The listing below should be printed again word for word, without any images.

* _Information shown_
= = = = =

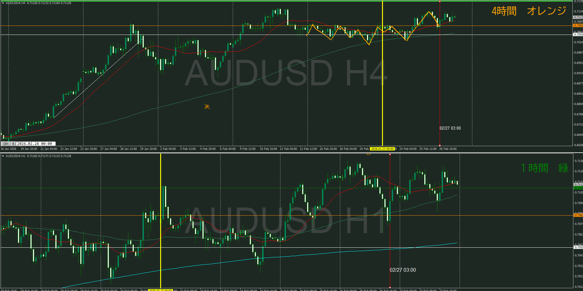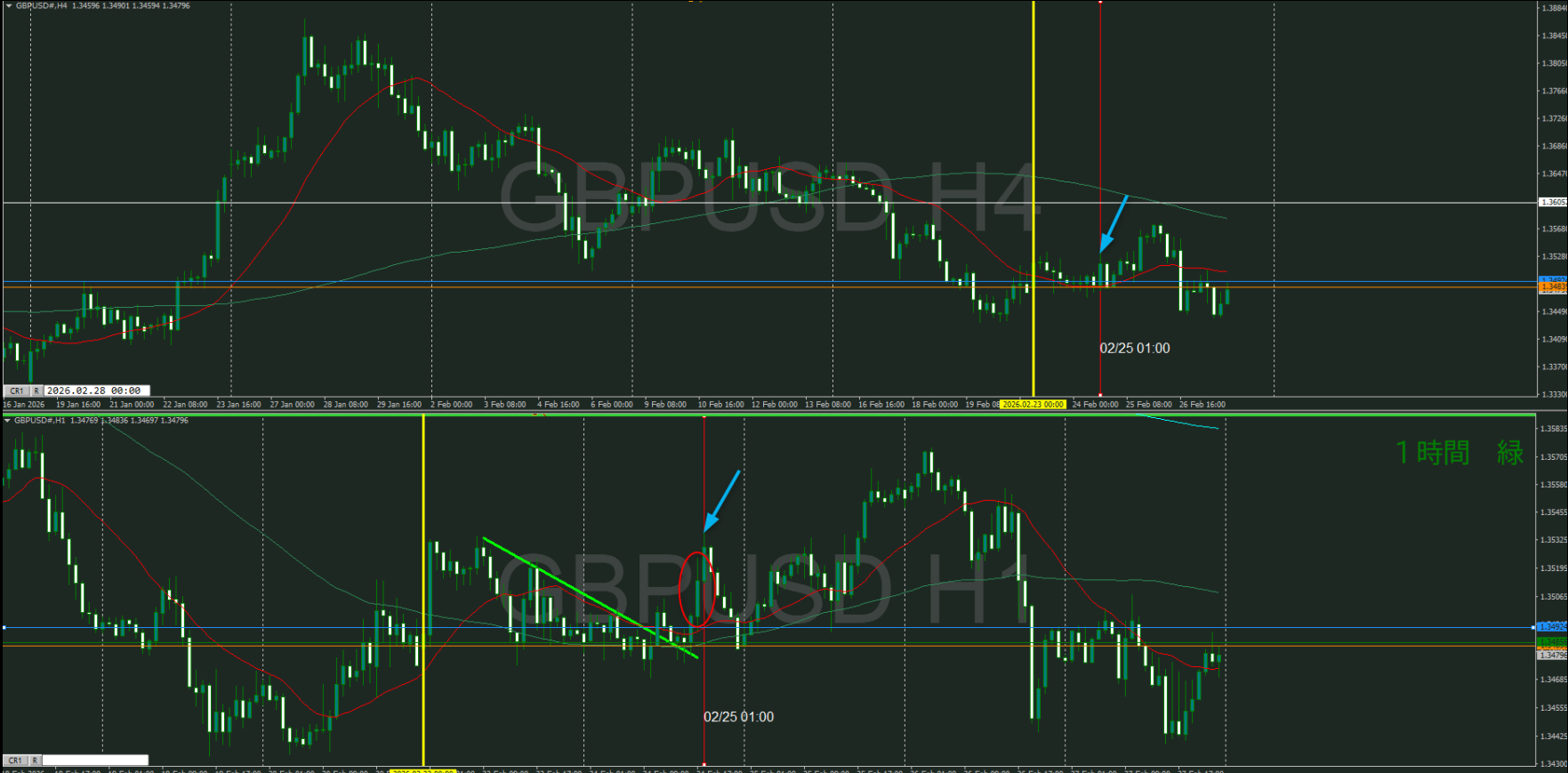 4時間足のこの1本(青い矢印)
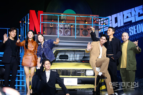[엔터미디어 김나윤 기자] 문현성 감독과 배우 옹성우, 박주현, 유아인, 문소리, 이규형, 고경표가 23일 오전 서울 강남구 그랜드 인터컨티넨탈 서울 파르나스에서 열린 넷플리스의 영화 ‘서울대작전’ 제작보고회에서 포즈를 취하고 있다.
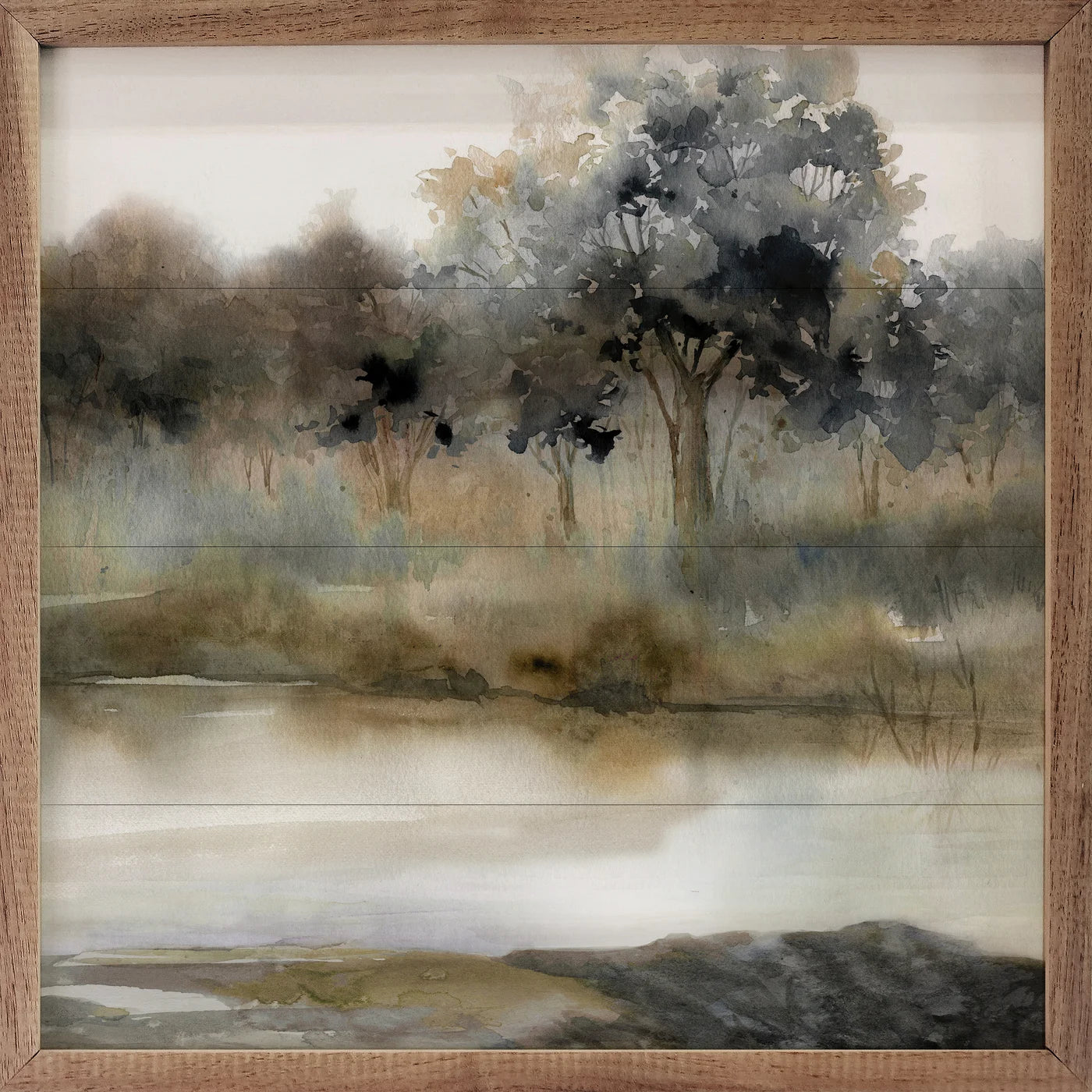 This vintage style wood print, featuring a walnut wood frame with an atmospheric water setting printed on a shiplap background, is sure to provide beauty and farmhouse charm to any space.

= = = = =

* _Final answer_
 4時間足のこの1本(青い矢印)
[엔터미디어 김나윤 기자] 문현성 감독과 배우 옹성우, 박주현, 유아인, 문소리, 이규형, 고경표가 23일 오전 서울 강남구 그랜드 인터컨티넨탈 서울 파르나스에서 열린 넷플리스의 영화 ‘서울대작전’ 제작보고회에서 포즈를 취하고 있다.
 This vintage style wood print, featuring a walnut wood frame with an atmospheric water setting printed on a shiplap background, is sure to provide beauty and farmhouse charm to any space.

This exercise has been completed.